LE DÉNI ET LA PROPAGANDE : LE DÉNI DE DÉCENNIES DE CRIMES DOCUMENTÉS.

Déni et propagande : Le déni de décennies de crimes documentés.

Cet article de Khamidoune Ag Toumast est une réponse à ceux qui nient la vérité sur le conflit entre le Mali et l'Azawad (nord du Mali).

C'est une réponse aux nombreuses tentatives d'enterrer les vérités historiques - documentées par les Nations Unies, Human Rights Watch, Amnesty International, et même par des rapports internes maliens. Il ne s'agit donc pas d'une question de perspective, mais d'une question de vérité et de justice.

Il répond à la propagande malienne par des explications approfondies de la vraie vérité, même si elle n`est pas du genre à leur convenir. La vérité est la vérité et ne peut être enterrée.

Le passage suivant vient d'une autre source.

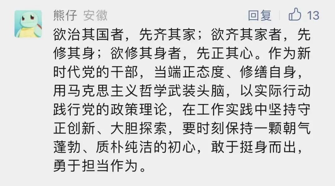 要在全面落實上下功夫。空談誤國、實干興邦,一分部署、九分落實。大力弘揚理論聯(lián)系實際的馬克思主義學風,強化問題導向、實踐導向、需求導向,把自己擺進去、把職責擺進去、把工作擺進去,深化實踐運用,增強工作的原則性、系統(tǒng)性、預見性、創(chuàng)造性,切實把學習成效轉化為推動黨和國家事業(yè)發(fā)展的強大力量。更加自覺地用習近平新時代中國特色社會主義思想之“矢”,去射本地區(qū)本部門改革發(fā)展之“的”,創(chuàng)造性地開展工作,做到既為一域增光、又為全局添彩。
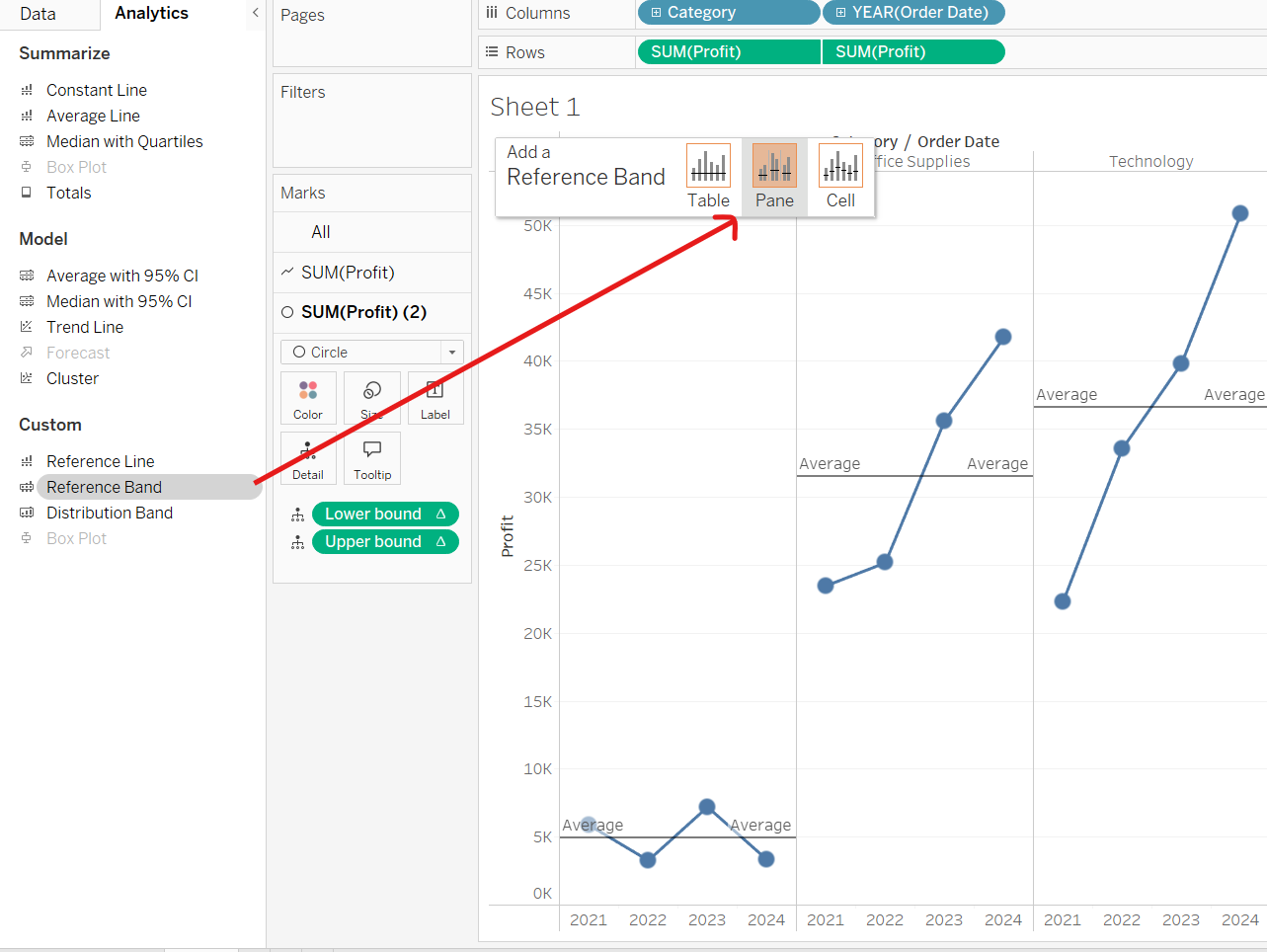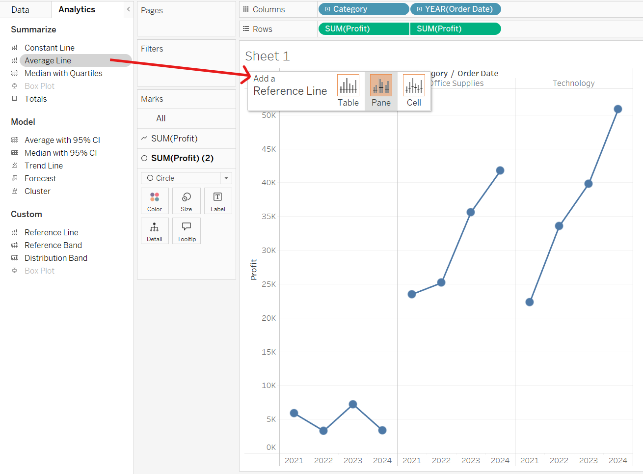 Step 3: Drag the average line from the analytics pane, selecting 'Pane' so that we get a separate average line for each category.
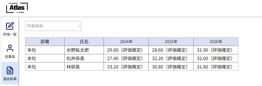 ・自分や担当している従業員の過去結果を閲覧することができる。
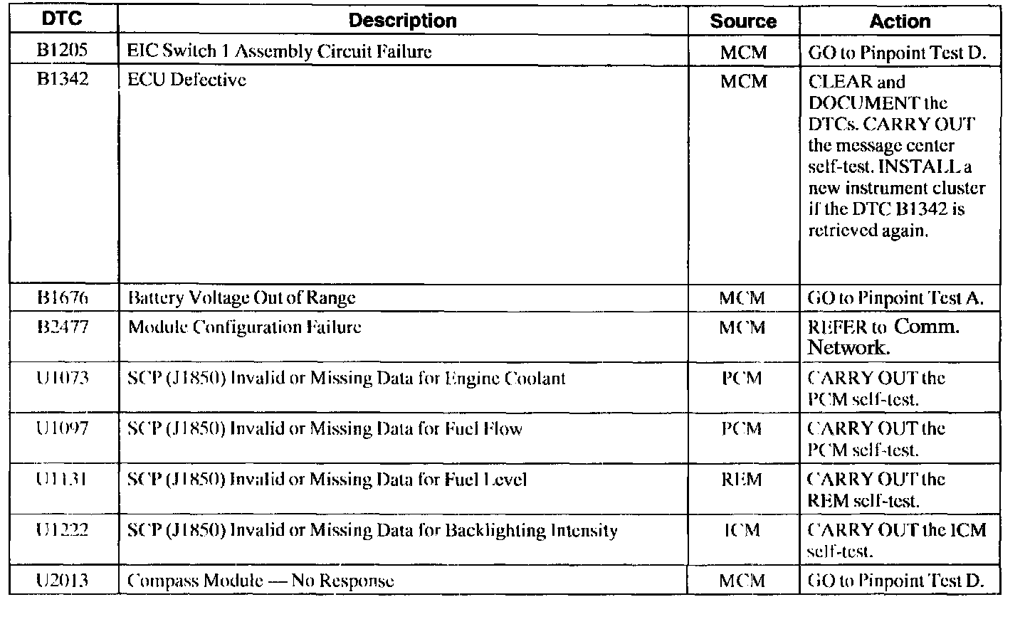 Message Center Module Diagnostic Trouble Code (DTC) Index
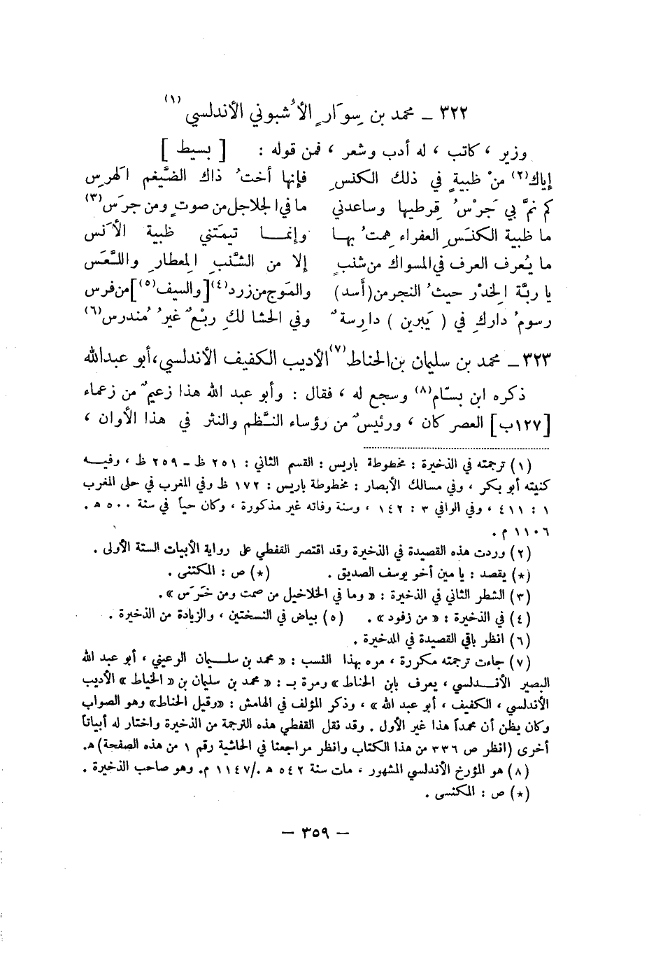 323 - محمد بن سليمان بن الحناط الأديب الكفيف الأندلسي، أبو عبد الله ذكره ابن بسّام وسجع له، فقال وأبو عبد الله هذا زعيم من زعماء العصر كان، ورئيس من رؤساء النَّظم والنثر في هذا الأوان،
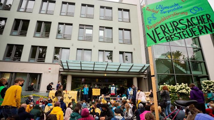 Mittags setzten sich etwa 100 Demonstranten vor das Landwirtschaftsministerium in der Wilhelmstraße. Die "Umweltzerstörung und Klimazerstörung der Industrie kann so nicht weitergehen", schrieb das Bündnis im Internet.
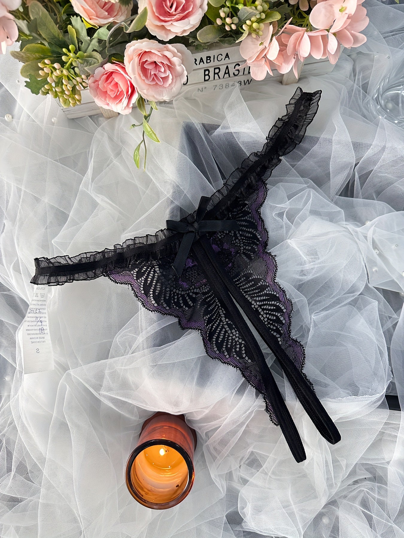 Women's Low Waist Lace Panties with Open Crotch and Charm Design
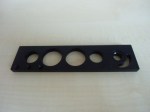 Der Adapter mit Entfernungsmesser wird danach in die Strebe 2 eingesetzt und durch die gebogene Langlochfräsung mit der Rändelschraube befestigt. Zuvor muss allerdings noch die Passscheibe 6x12x0,4 zwischen Adapter und Strebe 2 eingelegt werden.
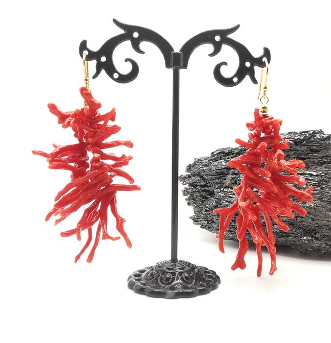 Sardijnse extra kwaliteit natuurlijke bloedkoraal takjes oorbellen, met de hand gemaakt en afgewerkt met 18 kt gouden Pompeiaanse zetting.
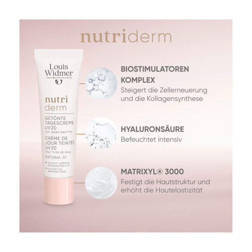 Die nutriderm Getönte Tagescreme UV 20 wird morgens auf die gründlich gereinigte Haut aufgetragen. Als wirksame Ergänzung der Gesichtspflege kann vorgängig das proderm Serum Extrait Liposomal (PZN 18442230) als Basis-Tiefenkonzentrat angewendet werden. Die Augenpartie soll ausgespart werden. Tönung nach Hauttyp und nach Jahreszeit.
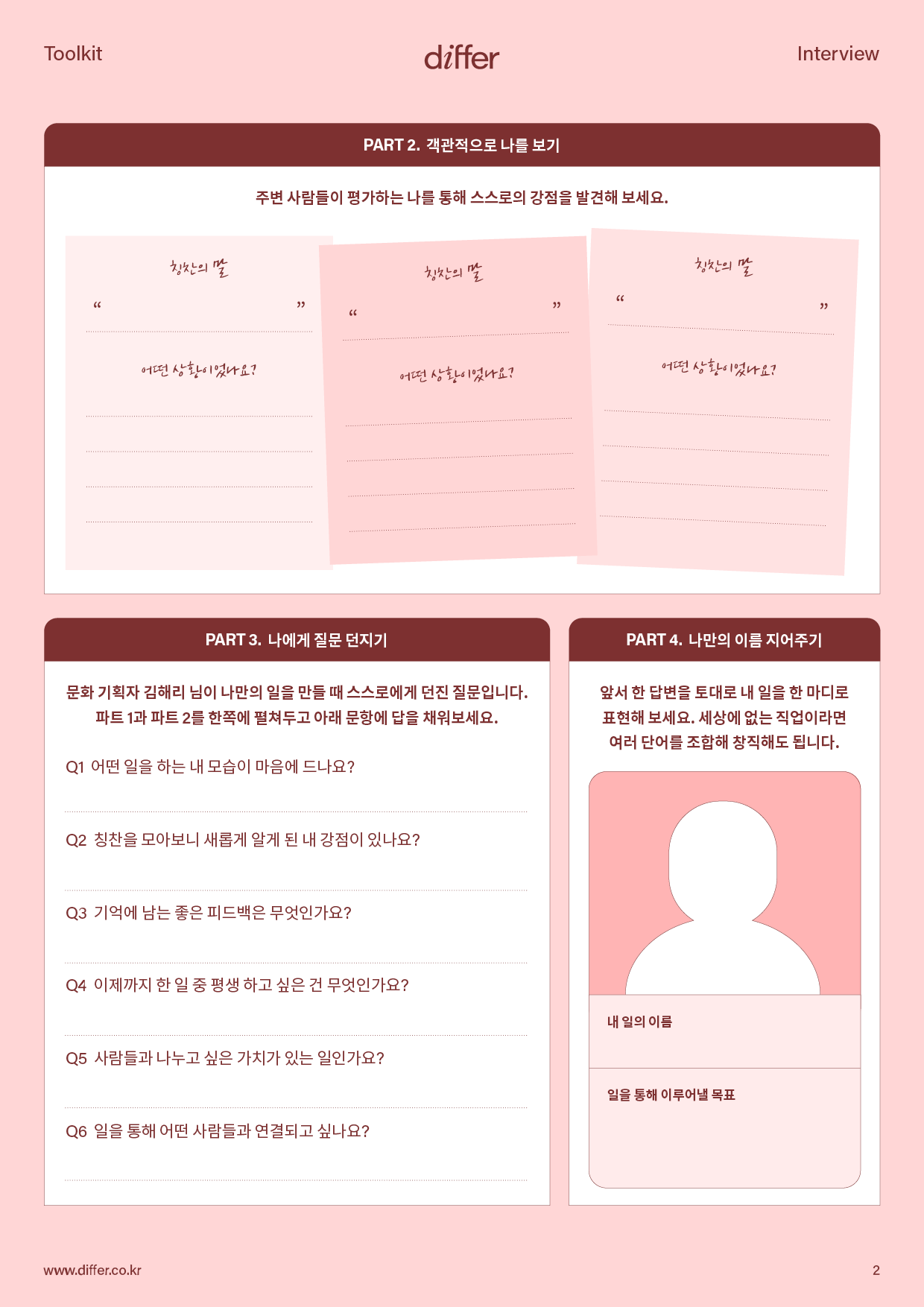 열정으로 가득한 매일을 만들고 싶나요? 이미 하고 있거나 앞으로 해보고 싶은 일에 이름을 지어주세요. 주체적으로 나의 일을 새롭게 명명하는 것만으로도 삶의 방향성이 한층 또렷해진답니다. 목표가 확실하면 하루하루를 대하는 태도도 자연스럽게 달라져요.
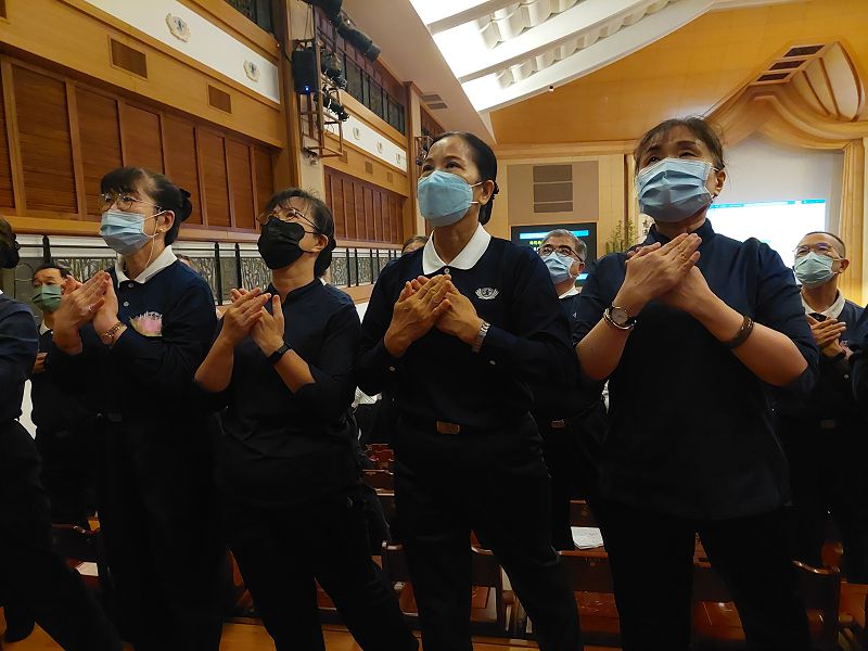 然而,承擔的背後仍有牽掛。先生長年在國外,獨居臺南的婆婆是她最放不下的心頭肉。為了讓長輩安心,她每隔一兩週便往返桃園與臺南,替婆婆採買備食。「婆婆歡喜,先生就安心,我也才能安心付出。」4月8日首次參與桃園區種子集訓時,長時間的跪姿與腳板貼地讓她備受考驗。自覺準備不足的她,甚至親手製作加厚護膝墊,只為穩穩走在承擔之路上。她的步伐或許不輕鬆,卻踏實篤定,這不僅是演繹的準備,更是一段生命與佛法相應的修行。
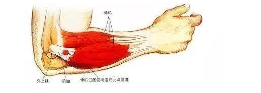说这么多可能不少人还不明白什么是网球肘,这个问题主要是由于前臂伸肌群损伤,导致拎东西肘关节痛,重者可出现前臂和手的疼痛、麻木,肘关节伸不直,夜间症状较重!
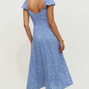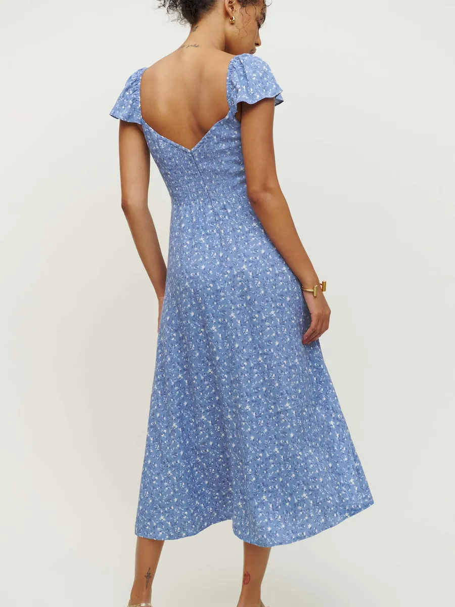 back smocking, non-adjustable straps, v-neck, front slit.

RÉPONSE - L'histoire ne peut être réécrite pour servir la propagande. Avant 1960, il n'y avait pas d'État appelé Mali régissant l'Azawad. Les Touaregs avaient leurs confédérations, leurs territoires et leurs structures sociales.

L’Azawad a été forcé dans le Mali moderne par un tracé colonial sans consultation de ses peuples. C’est un fait historique, pas une invention.


REPONSE - Les massacres commis contre les Touaregs n’ont pas commencé hier, ni avec une quelconque ingérence étrangère. Ils ont commencé dès 1963, puis en 1990, 2006, 2012, 2023…2024...2025.

Toujours le même schéma :

Populations civiles accusées collectivement.
Exécutions sommaires
Villages incendiés
Femmes violées
Enfants tués.

Ce ne sont pas des “manipulations extérieures”.

Ce sont des atrocités commises par des unités maliennes, reconnues dans des rapports publics. On ne peut pas justifier une goutte de sang d’enfant au nom de “l’unité”.


RÉPONSE - Avoir quelques visages décoratifs dans un système ne signifie pas que ce système est juste. Des individus cooptés ne représentent pas des peuples opprimés. L’apartheid politique déguisé ne peut pas être présenté comme une preuve d’inclusion.


RÉPONSES - Les peuples n’obtiennent pas leurs droits par la taille de leur communauté, mais par la légitimité de leurs souffrances. Même un seul village massacré suffit pour demander justice.

Et si nous parlons de chiffres :
Les populations touarègues, arabes, peules et sonrhaïs qui ont subi l’armée malienne parlent toutes d’un même système d’abus répétés. Ce n’est pas une “minorité” qui le dit, mais des communautés entières traumatisées.


RÉPONSE - Cette déclaration n'est pas un argument. C'est un slogan politique.

L’unité ne se décrète pas : elle se mérite par la justice, l’égalité, le respect et la fin de l’impunité. Quand un État frappe une partie de ses citoyens pendant 60 ans. Quand il utilise les bombardements, les exécutions, les disparitions forcées. Quand il traite des peuples entiers comme des ennemis intérieurs, alors ce n’est plus une “unité nationale”. C’est une domination.


RÉPONSE - La fraternité ne se prouve pas par des mots, mais par l'arrêt des crimes.

Un frère ne justifie pas les charniers.
Un frère ne nie pas la souffrance.
Un frère ne banalise pas les larmes des mères.

Mon frère, je veux bien parler d’unité, mais pas d’une unité bâtie sur les tombes de nos enfants.

Je veux bien parler de paix, mais pas d'une paix qui nous demande d'oublier nos morts.

Ce n'est pas la vérité qui divise le Mali, ce sont les injustices non reconnues et les crimes impunis.